Dieses Beispiel zeigt gut, wie aus eigenen Problemlagen heraus kreative Lösungen geplant und umgesetzt wurden, die nicht von uns Fachlehrern motiviert waren. Dies evozierte eine starke intrinsische Motivation sowie Verbundenheit mit der eigenen Arbeit und führte zu großem Stolz gegenüber dem eigenen Werk.

Die ITA-Messe

2015_ita-messe

Die Projektergebnisse werden einmal im Jahr auf einer schulinternen Messe vorgestellt. Hierbei planen die Auszubildenden selbständig die Lage der Stände, den zeitlichen Ablauf, erstellen einen Flyer für die Besucher und machen Fotos während der Veranstaltung. Die Messe bildet den Höhepunkt und Abschluss für die erstellten Projekte.

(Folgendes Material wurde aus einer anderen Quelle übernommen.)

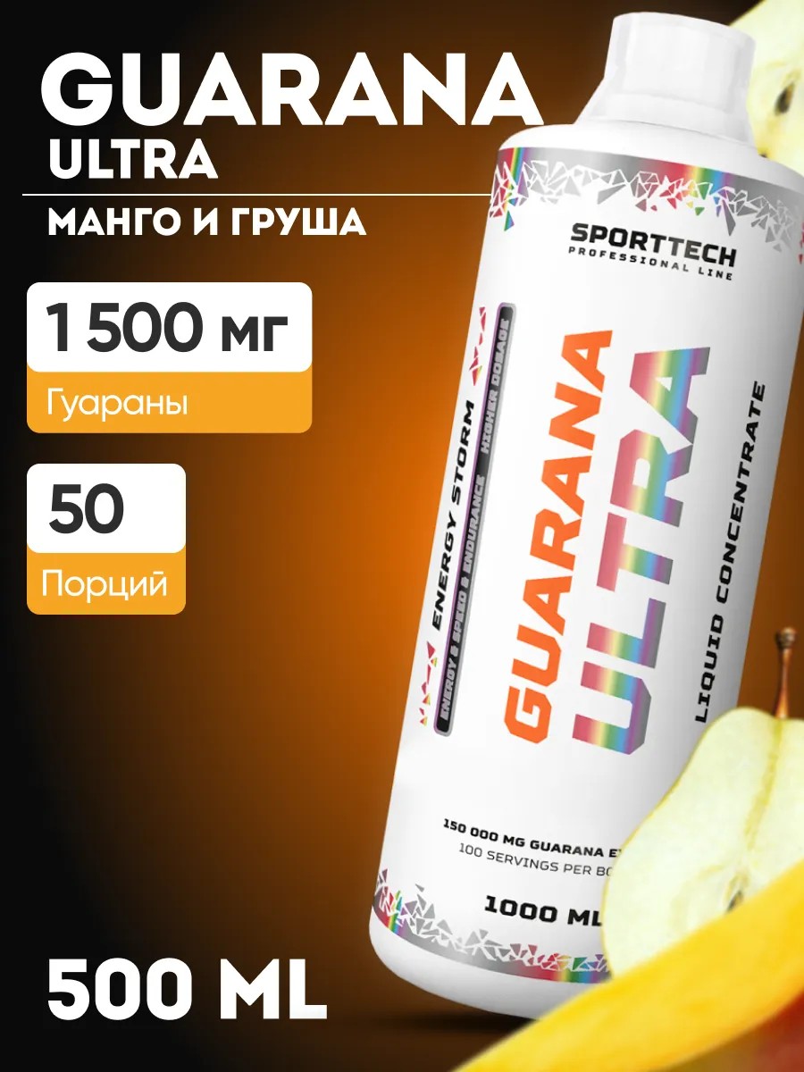 GUARANA ULTRA ОТ SPORTTECH 500 мл. Концентрат безалкогольного напитка с высоким содержанием Гуараны . Стимулирует расщепление жировой ткани, незаменим при низкокалорийных диетах для сохранения энергетического потенциала организма. Снижает аппетит, мощный жиросжигатель. Воздействуя на центральную нервную систему, используется для улучшения концентрации внимания, а так же для увеличения мощности мышечных сокращений. Не раздражает слизистую оболочку желудка, так как в качестве основного источника Кофеина используется натуральный, растительный экстракт гуараны. В малом объеме воды содержится высокая концентрация активных веществ. Экстракт гуараны также улучшает концентрацию внимания и подходит для людей, которые заняты умственным трудом, водителей, студентов, ученых и спортсменов во время подготовки к соревнованиям или тренировок. Энергетический напиток является отличной альтернативой кофе. После приема спортпит повышается давление, учащается пульс, а кровь устремляется к скелетным мышцам. Повышая обмен веществ, гуарана напиток выступает как эффективный жиросжигатель. Установлено, что добавка спортпит еще и снижает аппетит, возможно, за счет оттока крови от органов пищеварения и повышения уровня глюкозы в крови. Спортивный энергетик гуарана - средство, которое помогает уменьшить усталость и мышечную боль после интенсивных тренировок, что позволяет быстрее восстанавливаться
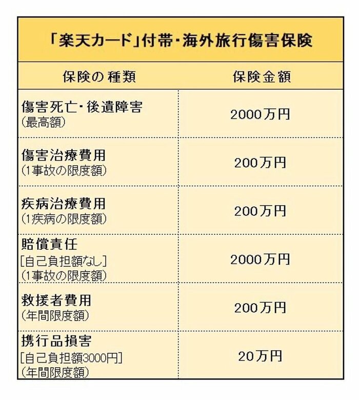楽天カードには海外旅行損害保険が付帯しています。
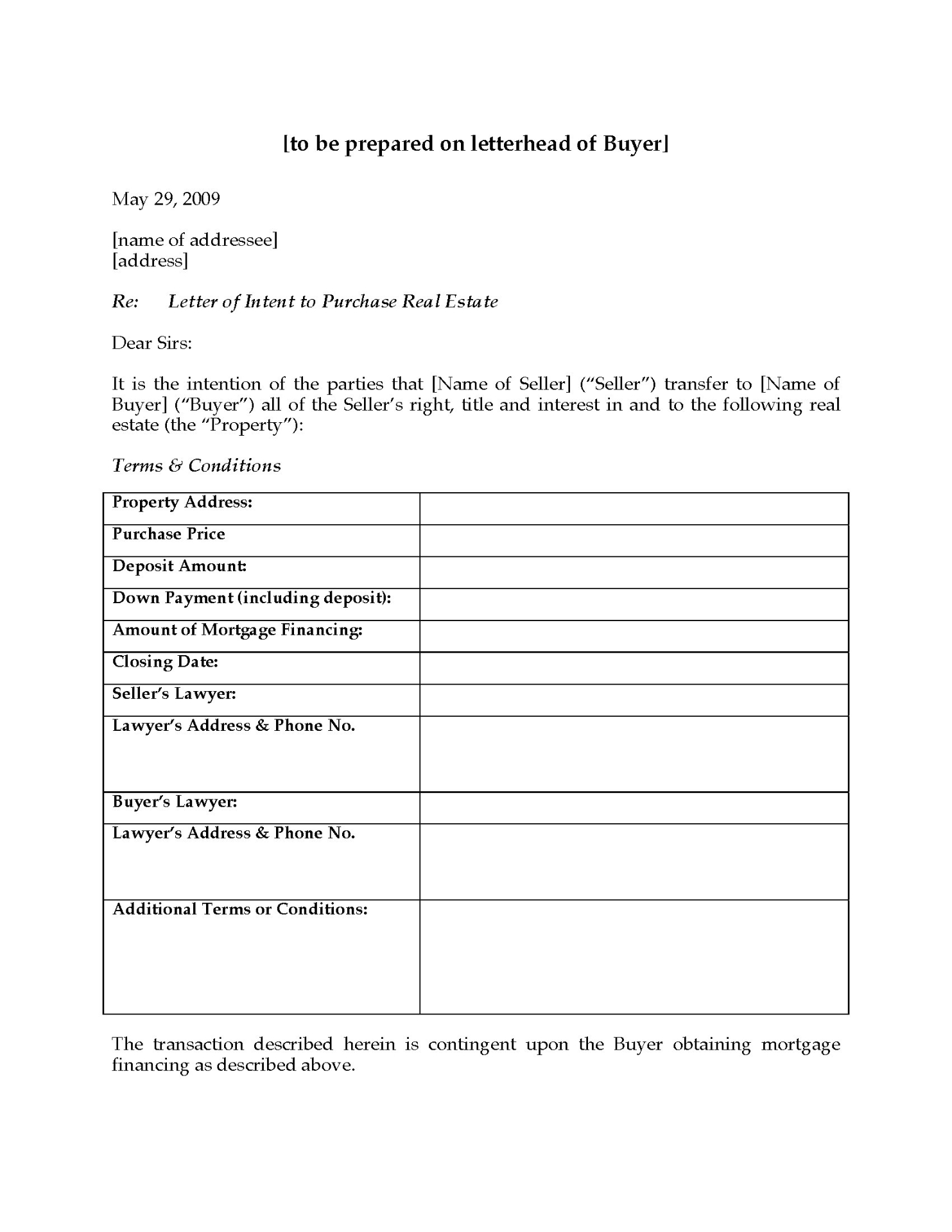This LOI template can be used for commercial real estate transactions in any Canadian province or territory (with the possible exception of Quebec). It is available in MS Word format and is intended strictly for properties located within Canada.
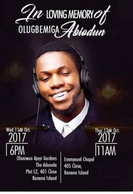 A wake was done for DJ Olu on Wednesday 11th October close to his home in Banana Island and he will be interred later today Thursday 12th.
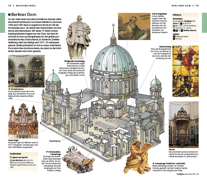Ein Spaziergang zur Pfaueninsel oder doch lieber ein Ausflug nach Potsdam? Für alle Unternehmungen gibt es in diesem Buch die nötigen Informationen. Dank umfangreichem Stadtplan und gezeichneten Spaziergängen finden Sie sich in der deutschen Hauptstadt mühelos zurecht. Viele wichtige Sehenswürdigkeiten wie der Berliner Dom oder die Kaiser-Wilhelm-Gedächtniskirche werden anhand von detaillierten 3D-Zeichnungen und anschaulichen Farbfotos vorgestellt und ausführlich beschrieben.
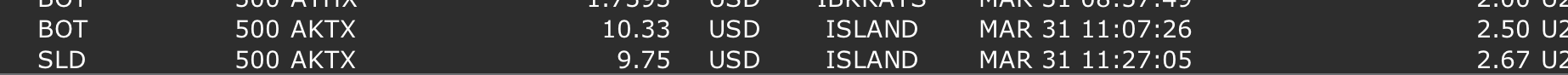 Was trying to play off a small dip in the trading range but looking at earlier in the day I realized that the previous spike showed the stock cooled off a fair bit before running again. Drawing a trend line may have helped with my entry point. I cut losses a little too late and made a fat finger mistake. Bad timing to be in the trade at work. The stock was still a good play on the day but my entry was at the wrong time. I have to remember to look at the days performance for some indicators.
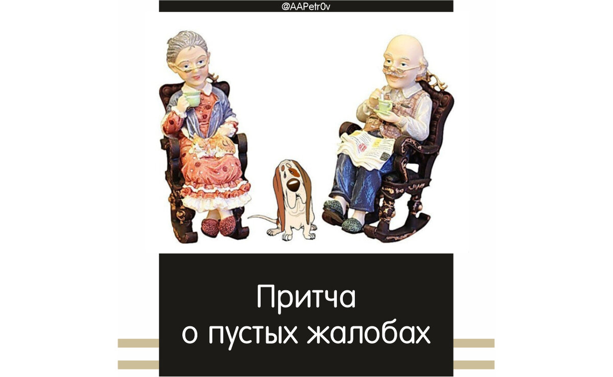Однажды человек шел мимо некоего дома и увидел старушку в кресле-качалке, рядом с ней качался в кресле старичок, читающий газету, а между ними на крыльце лежала собака и скулила, как будто бы от боли. Проходя мимо, человек про себя удивился, почему же скулит собака.
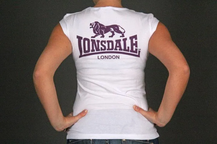 Summer t-shirt for ladies, 95% cotton 5% elastane, Soft, super stretchy, Small lion and logo print on chest, Big lion and logo print on back, Prints are soft to the touch. Women's, white, small.
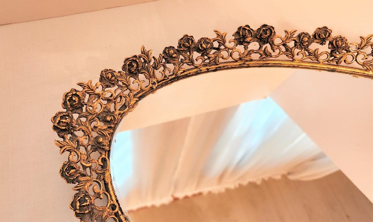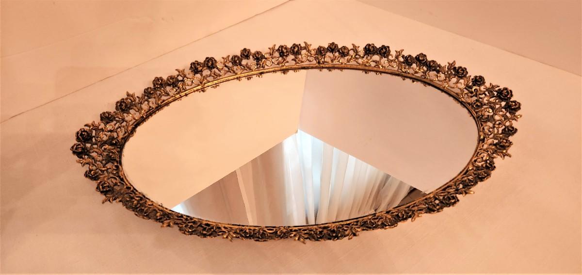 Very pretty - vintage mirrored oval vanity tray - gold tone rose motif. Excellent vintage condition, 21" x 12" across.
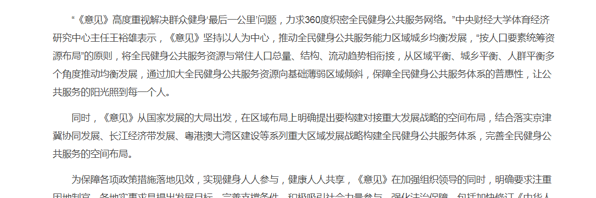 近日,王裕雄教授先后多次参与文件的专家研究会议和评审论证会议,并应约提交了关于政策起草的书面建议。在起草工作完成后,王裕雄教授应邀参与文件解读工作,担任了政策文件配套读本《构建更高水平的全民健身公共服务体系》的编委会委员,并参与写作工作;参与由相关部门与人民网组织的政策辅导讲座,录制了课程视频——《构建多层次多样化赛事活动体系》;撰写解读文章《让更高水平的公共服务温暖人们的运动生活》,就政策内容接受新华社、《瞭望》等多个权威媒体的采访。
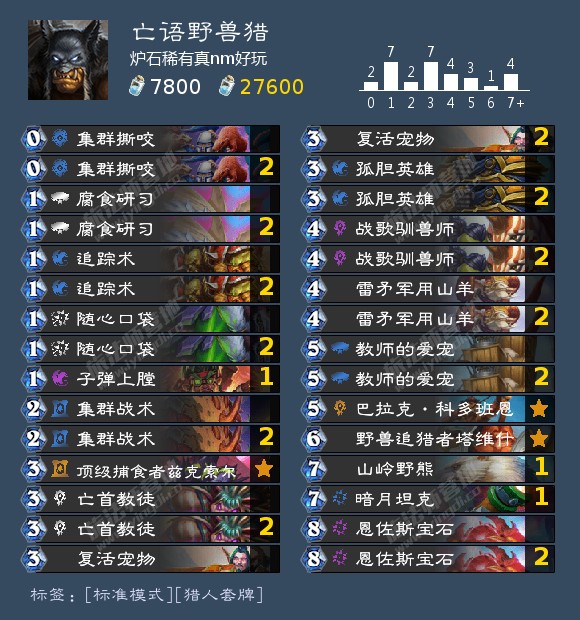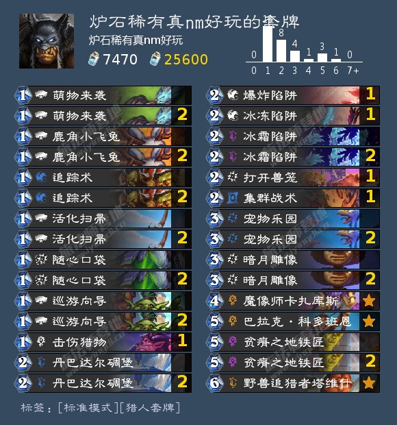 猎人的奥秘体系发挥作用太晚了,宠物乐园也需要场上奥秘配合,而后期靠兽王拉暴龙王,出场太晚而且场面很容易失控,慢速又不怕30血以下的OTK。只能看有没有在挂丹巴达尔碉堡的同时不亏节奏的办法了,1费刺头2费碉堡倒是可以换掉海盗战的2费,但是三四费质量站场只有宠物乐园和科尔拉克,科尔拉克还被海上威胁血克,要解掉最多也不过花三费。任务猎没有补强。
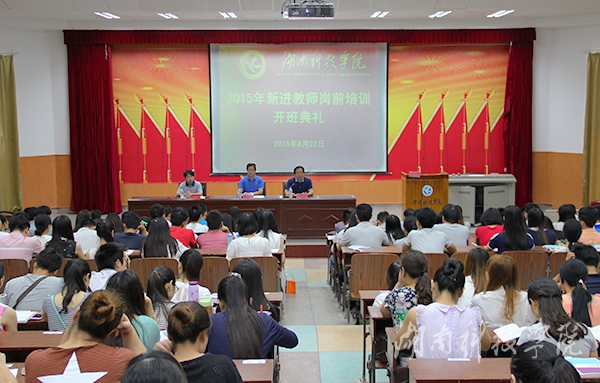 本网讯(实习记者 周芬 摄影 何帅文) “肩负时代重任,胸怀青春信念。群英荟萃在潇湘,校园永远是春天……”伴随着校歌《潇湘之歌》的嘹亮歌声,8月22日,伟德官网在明德楼一楼报告厅举行2015年新进教师岗前培训班开班典礼。校党委委员、副校长宋宏福主持典礼,校党委委员、副校长郑山明、李常健等领导出席。
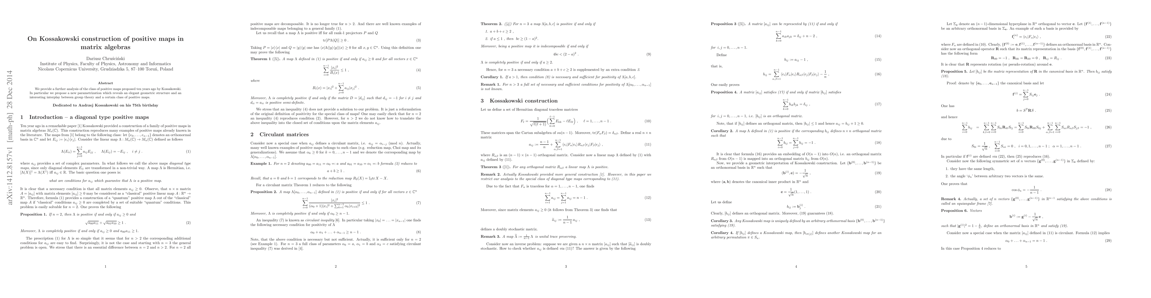 We provide a further analysis of the class of positive maps proposed ten years ago by Kossakowski. In particular we propose a new parametrization which reveals an elegant geometric structure and an interesting interplay between group theory and a certain class of positive maps.

Als Gäste werden die Schülerinnen und Schüler der Eingangsklassen und andere Fachlehrer eingeladen. Gerade für die Eingangsklassen zeigen die Projektergebnisse eine Perspektive ihrer Ausbildung, mit der Konsequenz, dass sich viele Schüler auf den Projekttag freuen.

Reflexion

Bisher funktioniert unser Projekttag auf vielen Ebenen sehr gut. Wir wollen ihn aber stetig verbessern. Daher bitten wir am Ende eines Schuljahres alle um eine Rückmeldung. Wir wollen Schwachstellen und blinde Flecke aufdecken und das Potenzial für die kontinuierliche Fortentwicklung der Veranstaltung aufzeigen.

Die Reflexion fand im ersten Jahr mit einem Papier-Fragebogen statt. Er wurde mittlerweile durch eine Online-Befragung ersetzt, die eine direkte Auswertung in derselben Stunde in einem geführten Klassengespräch ermöglicht.

Die Veranstaltungen der letzten Jahre wurden von den Schülerinnen und Schülern auf der fachlichen, sozialen und emotionalen Ebene überwiegend positiv beurteilt. Die Ergebnisse sind auch in unserem Wiki veröffentlicht.

Zusätzlich gibt es ein Treffen aller beteiligten Fachlehrer, in dem das aktuelle Jahr reflektiert und das nächste Jahr geplant wird.

Fazit

Immer mehr Hackerspaces sprießen aus dem Boden, Repair-Cafes entstehen und der Bastelcomputer Raspberry Pi wird zur erfolgreichsten prototypischen Experimentierplattform. All dies zeigt, dass es ein großes technisches Interesse bei Jugendlichen an Technik-Themen gibt. Allein die Umsetzung im Schulalltag führt häufig zu falschen Motivationslagen und Frustration. Mit dem Projekttag versuchen wir eine Gratwanderung zwischen Anspruch, Spaß, Freiheit, Kreativität und Selbstbestimmung.

Computer sind spannend, Technik macht Spaß“

Wenn man den Leistungsdruck herausnimmt und die Schülerinnen und Schüler eigene Wege gehen lässt, entstehen erstaunliche Ergebnisse und der Satz stimmt wieder – selbst in der Schule.


Dieser Artikel erschien zuerst in der Juniausgabe 2016 der Zeitschrift bbw – Beruflicher Bildungsweg.